Adoption of these various path-to-purchase methods was built upon knowing your customers and providing the most frictionless experience possible wherever they were completing the purchase. Now, these systems can provide touchpoints for retailer/employee “intervention” to answer questions or act as a knowledgeable consultant to enhance the customer’s experience – anywhere they interact.

 

Inventory management systems

Inventory management systems should lead to a seamless connection between products and the customers that need them. Using automated tools to manage inventory help with reduced shrink, make it easy for customers and employees to find what they are looking for, and can even assist employees keeping products on the shelves via reporting and notifications. Ultimately, managing inventory with digital tools and services gives time back to both employees and customers while providing the retailers with a more accurate view of the products in their portfolio, at any level.

Integrated warehouse management, point of sale and inventory management systems should deliver the connected, seamless experience customers expect no matter where they make their purchase.

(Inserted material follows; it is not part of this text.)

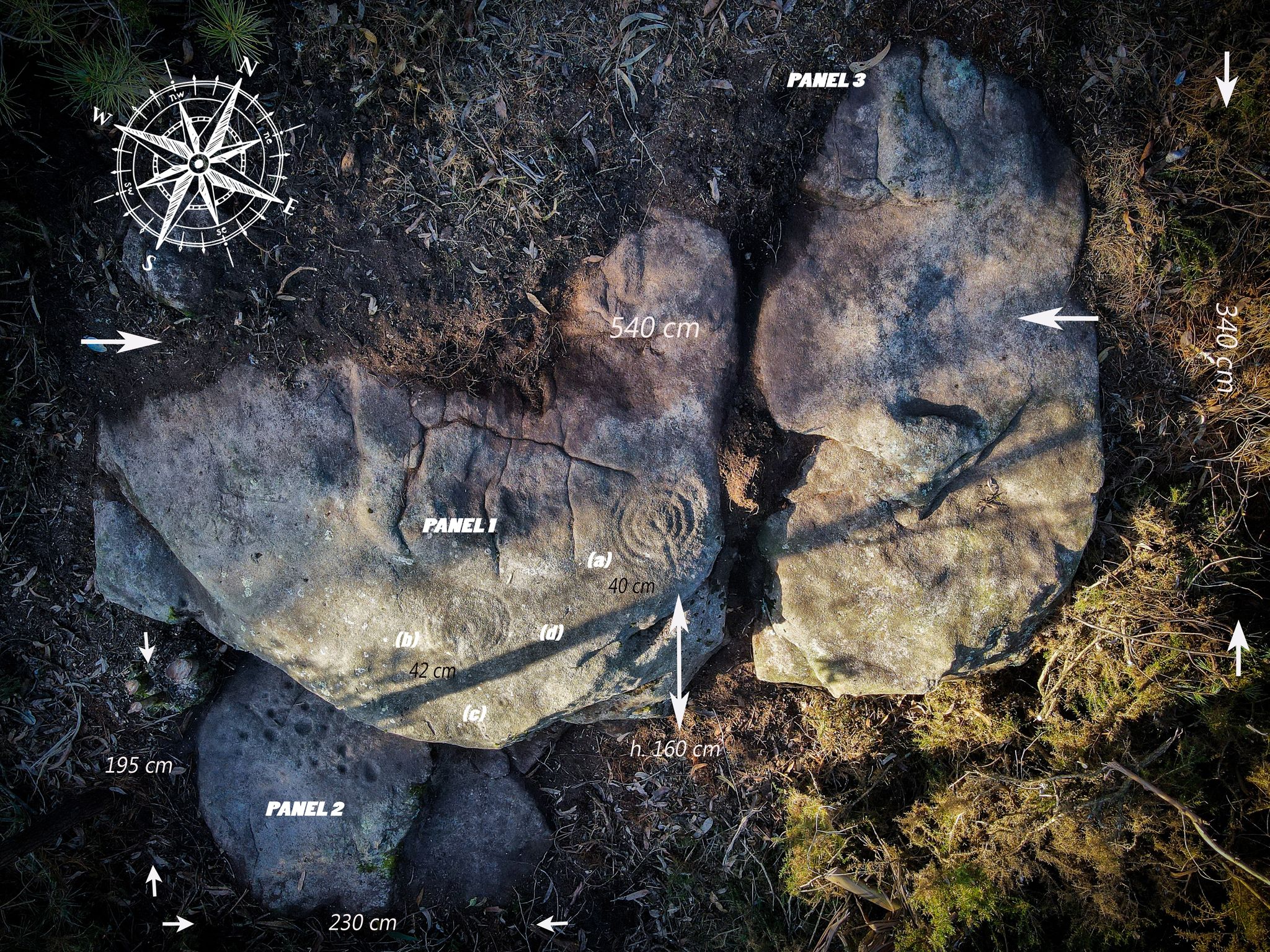 Na parte central e máis elevada da rocha figura o panel 1, o panel principal, con dúas combinacións de círculos concéntricos. A combinación (A) mellor conservada, de 40 cm de diámetro, presenta 5 aneis, os dous últimos incompletos, con dous sucos de saída que parten da coviña central, un cara o N e outro ó SE. A 60 cm ó SO hai unha segunda combinación (B) moito máis erosionada, de 42 cm, que conta con 6 aneis e dous sucos de saída, ambos finalizan nunha coviña (C), rodeada por un anel duns 8 cm, situados no bordo inferior da laxe, ó SE.

In-store, inventory management systems have many different forms, depending on where a retailer might be in their digital maturity. These systems can be powered by digital shelves and/or camera technology that can send real-time alerts to store associates to pull inventory from overstock locations and replenish the shelves. There are also location-based, RFID or QR code systems that identify specific locations where those products are overstocked and give notifications when there’s an opportunity to restock.

Such reporting features allow greater visibility for the upkeep of the department’s inventory levels, as well as the management and reporting on the productivity of the store’s staff. It is also key to understanding and correlating to appropriate staffing levels at key points throughout the day where restock trends peak, meaning customer activity is also high.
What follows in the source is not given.